Stricter norms in wake of PNB fraud may dry up funding for jewellery industry
The gems and jewellery industry contributes 6-7% of the GDP of the country, besides being an important foreign exchange earner.Updated: Feb 20, 2018 17:31 IST
The $1.8 billion fraud at Punjab National Bank (PNB) committed by billionaire jeweller Nirav Modi threatens to dry up funding for India’s gems and jewellery industry, as banks move to tighten their loan processes and seek higher collaterals.
“Getting finance will be hard. The industry is capital-intensive. It is a high-value product industry. Tracking the inventory is also a challenge for the financiers. Prudent financial arrangement should be evolved to avoid such a situation,” Sankar Sen, chairman and MD of Kolkata-based Senco Gold Ltd, said in a phone interview. He is also the chairman of Assocham National Council on Jewellery.

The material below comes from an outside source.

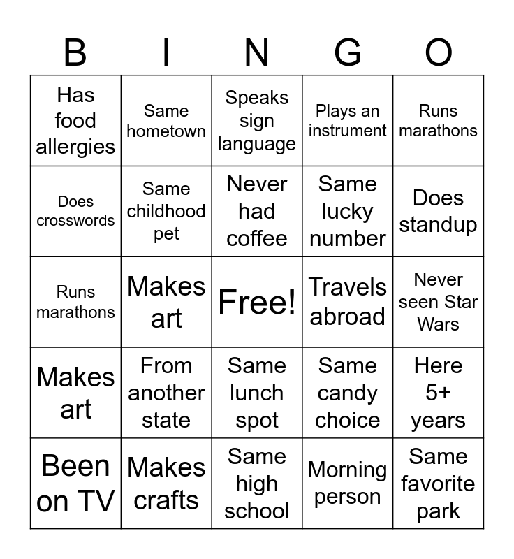 This bingo card has a free space and 126 words: Plays an instrument, Speaks 3+ languages, Has pets, Same zodiac sign, Here 5+ years, Stage experience, Makes art, From another state, Morning person, Coffee lover, Decorates desk, Museum member, Volunteers locally, Commutes by bike, Has food allergies, Collects something, Makes crafts, Been in all offices, Night owl, Loves karaoke, Gardens, Runs marathons, Loves winter, Same birth month, Can juggle, Never had coffee, Plays an instrument, Speaks 3+ languages, Has pets, Same zodiac sign, Here 5+ years, Stage experience, Makes art, From another state, Morning person, Coffee lover, Decorates desk, Museum member, Volunteers locally, Commutes by bike, Has food allergies, Collects something, Makes crafts, Been in all offices, Night owl, Loves karaoke, Gardens, Runs marathons, Loves winter, Same birth month, Can juggle, Never had coffee, Loves sci-fi, Born locally, Left-handed, Does yoga, Bakes, Same favorite color, Has twins, Travels abroad, Does crosswords, Same shoe size, Hates cilantro, Works remotely, Been to Antarctica, Plays video games, Writes poetry, Same lunch spot, Allergic to cats, Never seen Star Wars, Same college major, Loves spicy food, Builds furniture, Same first concert, Has tattoos, Plays chess, Makes music, Same favorite book, Rock climbs, Been skydiving, Meditates daily, Keeps a journal, Same subway stop, Speaks Japanese, Been on TV, Same favorite tea, Drives electric car, Has chickens, Same high school, Makes jewelry, Does improv, Same coffee order, Hikes regularly, Same childhood pet, Sews clothes, Speaks sign language, Same dream job, Loves musicals, Same phobia, Makes ceramics, Same favorite park, Paints portraits, Same candy choice, Grows herbs, Makes films, Same sandwich shop, Dances salsa, Same favorite pie, Does standup, Same snack choice, Plays tennis, Same movie genre, Reads tarot, Same vacation spot, Does martial arts, Speaks French, Same ice cream, Makes kombucha, Same pizza topping, Plays in band, Same lucky number, Does photography, Same allergies, Makes bread, Same hometown and Loves podcasts.

“Indian jewellery industry has two facets — exports and domestic. The domestic industry is essentially small jewellers and they do not take his (Nirav Modi) kind of loans. I don’t think it will have any impact on domestic business. Exporters will have an impact as they won’t get liquidity. I expect the number of compliances to go up,” Sen said.
The stakes are high. The gems and jewellery industry in India has over 500,000 firms and employs over 2.5 million workers, according to Care Ratings. It contributes 6-7% of the GDP of the country, besides being an important foreign exchange earner. According to an SBI official, the country’s largest lender has been shrinking its exposure to the gems and jewellery sector over the past three years.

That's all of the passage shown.